Он боялся одиночества — с книгами, усталой женой и дребезжащей рюмочкой в буфете.
Дочь вышла замуж, едва ей исполнилось восемнадцать. Ошеломленные родители пытались отговорить Галю-Голубку, но она стояла на своем: «Мы уедем в Москву и будем жить настоящей жизнью. — И с ненавистью, удивившей родителей, добавила: — Без ковров и хрусталя».
Голубевы боялись ее мужа — Валета, о котором только и знали (Валентина Ивановна поведала об этом мужу ночью шепотом), что он может игральной картой перерезать человеку горло.
— Ну-ну, это уж слишком, чтоб было правдой, — пытался успокоить жену Илья Ильич, но ему тоже было не по себе.
Дочь уехала.
Спустя несколько месяцев тихо скончалась Валентина Ивановна.

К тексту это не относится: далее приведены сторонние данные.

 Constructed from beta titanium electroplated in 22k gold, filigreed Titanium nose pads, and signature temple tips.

Галя не откликнулась на телеграмму и не приехала на похороны.
После поминок Илья Ильич остался в доме один. Прибравшись, он сел у окна. Что-то мешало сосредоточиться. Рюмочка, наконец догадался он, рюмочка, которая дребезжала, когда мимо окон проходил поезд. Он достал рюмку из буфета и аккуратно разбил ее на крыльце, а осколки смел в мусорное ведро. Он так устал, что, отправляясь спать, повесил пиджак на тень от гвоздя, вбитого в стену прихожей.
Весь следующий день он не находил себе места, пока не понял, в чем дело: когда мимо дома шли поезда, в буфете не дребезжала рюмочка.

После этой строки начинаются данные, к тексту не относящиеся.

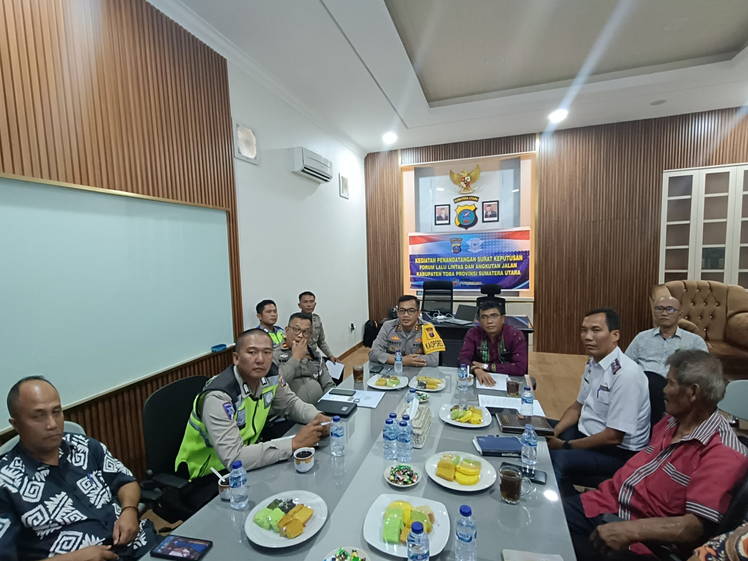 Turut hadir dalam zoom Penandatanganan Serentak Surat Keputusan Forum Lalu Lintas Dan Angkutan Jalan di Polres Toba Kapolres Toba AKBP Wahyu Indrajaya SH, S.I.K, Sekda Kabupaten Toba Drs Augus Sitorus, Kasat Lantas Polres Toba Iptu Nanang Kusumo, Kabid Lalu Lintas dan Jalan Dinas Perhubungan Kabupaten Toba Rudi Manik, Kabid PIKP Diskominfo Toba Rikardo Simamora, Pemerhati Lalu Lintas Kabupaten Toba Daniel Roymanto Manurung, Ketua Organda Kabupaten Toba Bapak Poyo, Ps. Kaurmintu AIPDA Roy Pasaribu, Ps. Kanit Turjawali Polres Toba BRIPKA Pelita Butarbutar, Ps. Kanit Kamsel Polres Toba BRIPKA Johanes Sembiring, Ps. Kanit Laka Polres Toba BRIPKA Robinson Aritonang, PUTR Kabupaten Toba Seksianton Hutabarat, Personil Satlantas Polres Toba dan Personil Dinas Perhubungan Kabupaten Toba.

— Не переживай, Илья Ильич, голубчик, — сказал товарный кассир Ерофеев, добрый пьяница и заядлый доминошник. — Хоть о дочке не жалей.
— Ну да, — промямлил Голубев. — Что ж, она устроена…

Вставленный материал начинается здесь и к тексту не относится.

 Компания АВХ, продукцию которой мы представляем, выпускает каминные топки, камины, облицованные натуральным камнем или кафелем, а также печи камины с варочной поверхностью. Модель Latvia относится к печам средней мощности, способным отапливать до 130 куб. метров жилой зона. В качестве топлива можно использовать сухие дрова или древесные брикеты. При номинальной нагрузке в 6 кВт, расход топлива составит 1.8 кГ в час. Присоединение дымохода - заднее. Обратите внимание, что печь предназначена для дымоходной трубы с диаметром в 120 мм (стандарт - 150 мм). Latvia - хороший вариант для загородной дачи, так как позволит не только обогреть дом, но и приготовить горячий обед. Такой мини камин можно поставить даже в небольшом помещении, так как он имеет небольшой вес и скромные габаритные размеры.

— Я не про то, — сказал Ерофеев, протягивая ему фотографию. — Или ты ничего не знал?
На снимке была запечатлена нагая Голубка, сидевшая на земле спиной к Стене, с широко разведенными ногами и едкой улыбкой на прекрасном лице.
— Такая фотка чуть не у каждого пацана есть, — сказал Ерофеев. — Дрочат они на нее, что ли…
Дома Илья Ильич долго плакал, глядя на фото дочери, о которой, выходит, и впрямь ничего не знал, — но даже в этой непристойной позе, с вызывающе злой улыбкой — Голубка была божественно красива и любима. «Красота мир спасет, — подумал Голубев. — Мир, но не человека. Красота, но не красавица».
Поднявшись на другой день очень рано, он попытался так расставить рюмки в буфете, чтоб хоть какая-нибудь дребезжала от проходящих поездов, — но ничего у него не получилось. И тогда Илья Ильич отправился к Стене. Лег в траву и крепко зажмурился, но уснуть не удалось. Побродив по развалинам, взобрался на кочку и громко крикнул:
— Душа моя!
— Душа моя!.. — откликнулась стена.
«Хорошо, что у человека нет души, — с расслабленной улыбкой подумал Илья Ильич, опускаясь на траву и закуривая, — не то жизнь лишилась бы смысла и цели…» И по-прежнему улыбаясь, проводил взглядом дымок папиросы, быстро рассеявшийся в чистом воздухе августовского утра…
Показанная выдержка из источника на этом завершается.